● WORK REQUIRED: Everything from the first line of the data below through the line that contains "Inheritance diagram for" should be written out exactly, please, and nothing more; the pictures stay out.

● GIVEN INFORMATION:
-=-=-
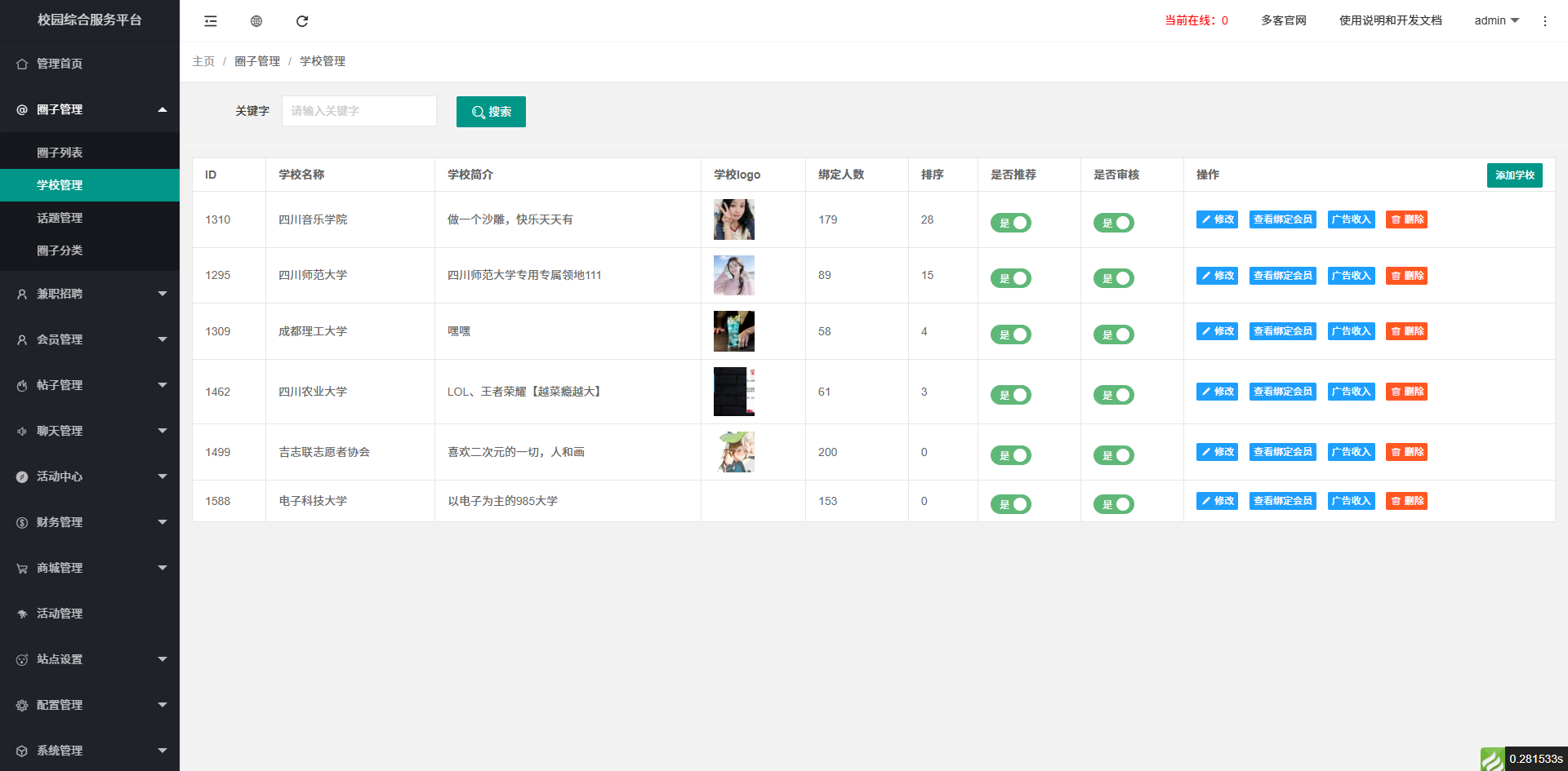 一、大学校园圈子:支持多学校切换,每个学校有独立的首页和切换,搭载其他分区圈子。
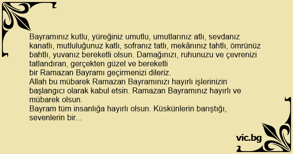 Bayramınız kutlu, yüreğiniz umutlu, umutlarınız atlı, sevdanız kanatlı, mutluluğunuz katlı, sofranız tatlı, mekânınız tahtlı, ömrünüz bahtlı, yuvanız bereketli olsun. Damağınızı, ruhunuzu ve çevrenizi tatlandıran, gerçekten güzel ve bereketli bir Ramazan Bayramı geçirmenizi dileriz.
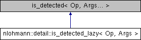 Inheritance diagram for nlohmann::detail::is_detected_lazy< Op, Args >:
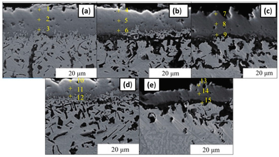 When oxygen atoms react with the atoms of the HEAs, especially at high temperature, they break and displace them from the surface. The principal dynamics that instigate oxidative wear include the presence of oxygen or oxidizing agents like O3, HNO3, H2O2, and Cl; high temperature; and moisture. Meanwhile, HEAs are premeditated to be corrosion-resistant; however, they can sometimes be vulnerable to oxidative wear. This is because HEAs usually contain a combination of dissimilar elements, some of which are susceptible to oxidation. Take, for instance, Cu, which is a regular element contained in HEAs, but which is very prone to oxidation. If it oxidizes, it creates pits and cracks on the material surface, which is a nucleation ground for fast-tracked wear [108]. Most often, oxidative wear ensues at elevated temperatures, at points where oxide layers develop on the periphery of the HEA, and then become detached by an opposing contacting body, whereas the newly formed exterior is oxidized again and again; thus, the reaction continues [104,109]. The oxidation reaction accelerates the wearing off of the material surfaces because the formed oxide films develop a weak configuration at high temperatures due to the elevated temperature tempering. The addition of some elements, like W, Hf, and Al, aids in suppressing oxidation at elevated temperatures in high-entropy alloys. In the research by Pole et al. [75], it was observed that, at a medium temperature of 423 K, the presence of W in TaTiVZrW aided the high-temperature oxidation resistance more than what Hf could contribute in TaTiVZrHf. However, at an elevated temperature of 723 K, the oxidation suppression of TaTiVZrW was weakened, and was heavily affected by high-temperature oxidation wear. But TaTiVZrHf HEA formed a mesomorphic eutectic lattice configuration which improved the oxidative wear resistance at that high temperature. In another study, Wu et al. [110] discovered that raising the volume fraction of Al in AlxCoCrCuFeNi HEA induced a high resistance to oxidative wear. There was an Al2O3 film that was generated when the bodies were rubbing against each other, and this aided in greasing the surface of the HEA and in reducing their asperity, COF, and wear rate. Jin et al. [111] worked on the COF of FeNiCoAlCu HEA. It was observed that the COF value in the temperature range of 20–400 °C was 0.9, but when increased to 600–800 °C, it reduced to 0.3. The X-ray photoelectron spectroscopy analysis disclosed that the generated oxide film was composed of Fe2O3, Fe3O4, Al2O3, and CuO, and that the repeated fracture and regeneration of oxide films contributed to the decrease in oxidative wear at the elevated temperature. To further demonstrate the function of Al in reducing the oxidative wear of HEAs, Ye et al. [70] discovered that an oxide film consists of three layers, as shown in Figure 7, when microstructural analysis was conducted on AlxCoCrFeMnNi HEA. In the absence of Al in the alloy, the oxidation wear was very severe. But, when Al was introduced, a dense aluminum oxide film evolved, and there was a decrease in the size of the oxide layer which implied that the aluminum enhanced the oxidation resistance. As the content of Al increased, the manganese fraction in the oxide film kept decreasing. For instance, in Figure 7e, at point 13, the aluminum fraction was 29.49 at%, while the manganese fraction was 27.08 at%; at point 15, the aluminum fraction increased to 33.42 at%, while the manganese fraction decreased to 4.76 at%. The explanation is that the evolved dense aluminum oxide at the instance of oxidation obstructed the penetration of manganese ions into the inner portion of the HEA; thus, this enhanced the overall oxidation suppression of the HEA.
-=-=-
● RESULT:
 一、大学校园圈子:支持多学校切换,每个学校有独立的首页和切换,搭载其他分区圈子。
 Bayramınız kutlu, yüreğiniz umutlu, umutlarınız atlı, sevdanız kanatlı, mutluluğunuz katlı, sofranız tatlı, mekânınız tahtlı, ömrünüz bahtlı, yuvanız bereketli olsun. Damağınızı, ruhunuzu ve çevrenizi tatlandıran, gerçekten güzel ve bereketli bir Ramazan Bayramı geçirmenizi dileriz.
 Inheritance diagram for nlohmann::detail::is_detected_lazy< Op, Args >:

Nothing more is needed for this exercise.